Wednesday, January 17, 2018

Identifying the type of shapefile in a given folder

Python script to separate shapefile based on type (Point, Line and Polygon)

A shapefile can be point, line or polygon. When in a folder there is no way to know what type it is until you opened it in a GIS environment such as QGIS or ArcGIS. That means you have to install a heavy duty software just to know what type of shapefiles you have in a given directory/folder. Also if you have thousands of shapefiles to identify their type, that will be a lot of work and also time consuming to access each shapefile via a GIS environment to identity its type.

Here is a smart solution in using Python that will allow you to determine the shapefile type in an efficient manner.

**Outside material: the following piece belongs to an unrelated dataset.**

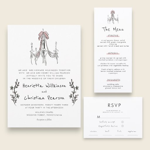Invitación website Hand Drawn Chandelier Bow Wedding
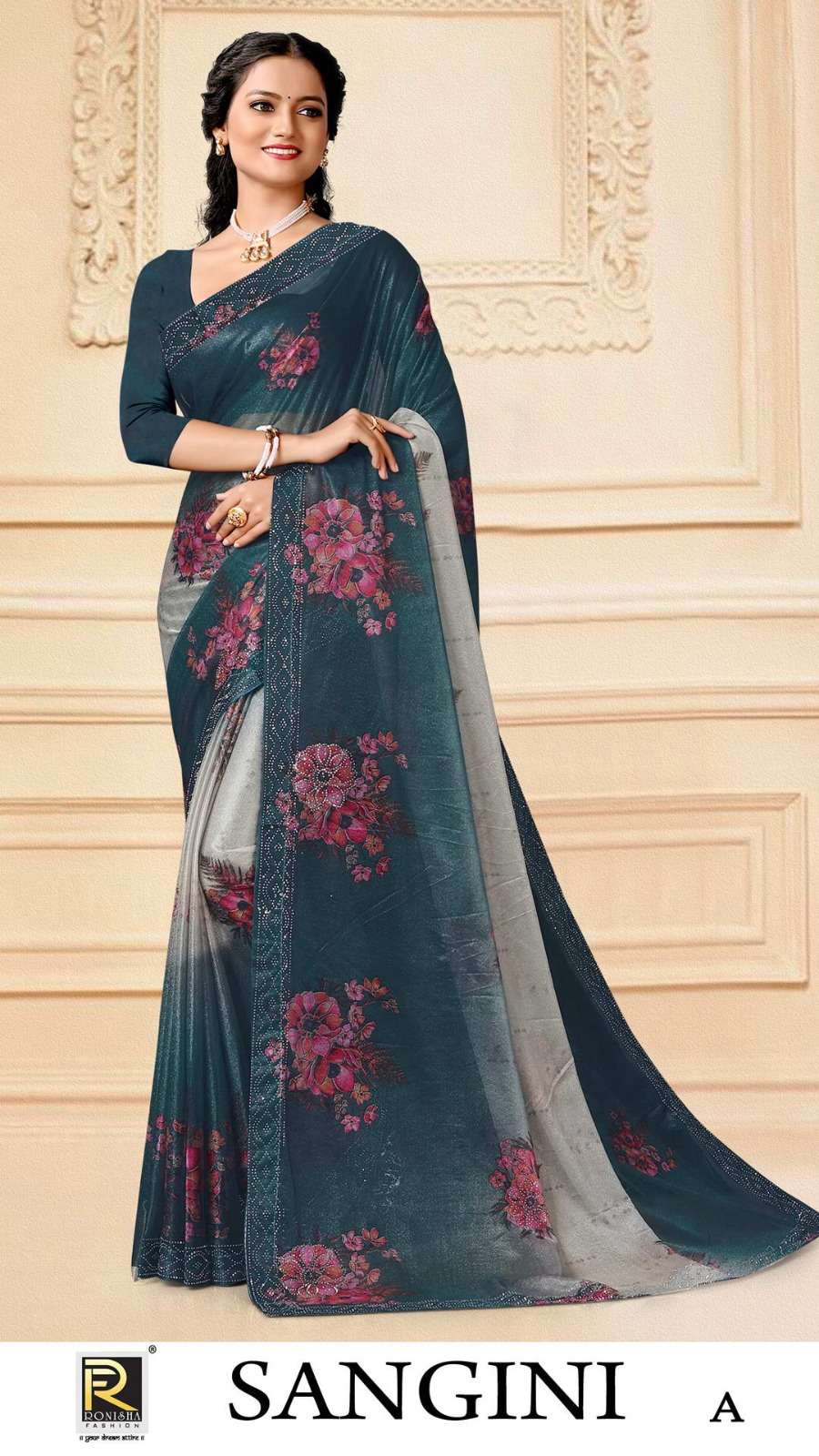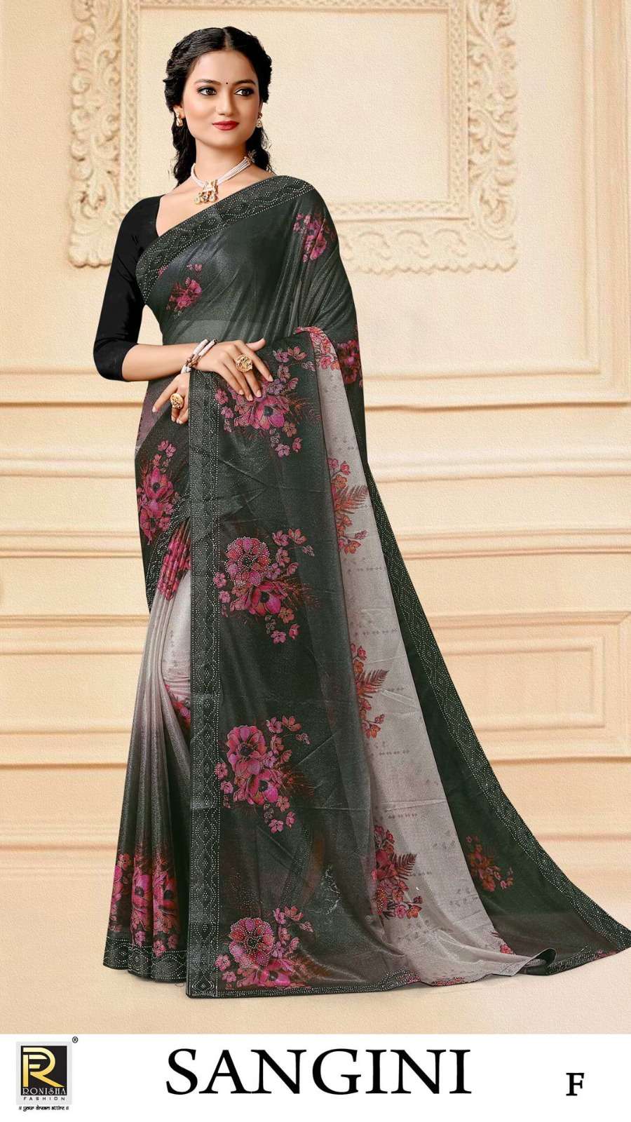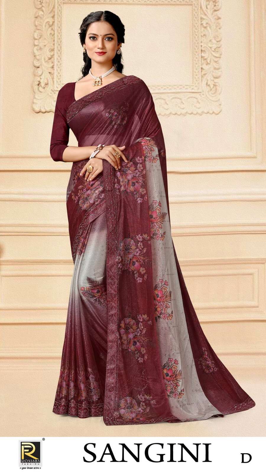 SANGINI BY RANJNA SAREE FABRICS IMPORTED LYCRA PRINT WITH SIROSKI DIAMOND WORK WORK FANCY DESIGNER SAREE

Run the script once and it tells you what type of shapefile it is.

Lets get started...

The code

The script makes use of a python module called "PyShp". It reads the shapefiles contained in a given folder and classify them based on there type.


import glob
import shapefile
# Read in all the SHP and DBF files in the directory/folder
shp_files = glob.glob("path_to_folder\\foldername\\*.shp")
dbf_files = glob.glob("path_to_folder\\foldername\\*.dbf")

# loop through the files
for s, d in zip(shp_files, dbf_files):
    shp = open(s, 'rb')
    dbf = open(d, 'rb')
    complete_shp = shapefile.Reader(shp=shp, dbf=dbf)
    
    # Close the files for further usage..
    shp.close()
    dbf.close()
    
    # Checking the type of shapefile (Point=1, Line=3 or Polygon=5/Polygonz=15)?
    #     complete_shp.shapes()[0].shapeType
    # --------------POINT SHP ----------------------
    if complete_shp.shapeType == shapefile.POINT:
        print ("This is a POINT Shapefile")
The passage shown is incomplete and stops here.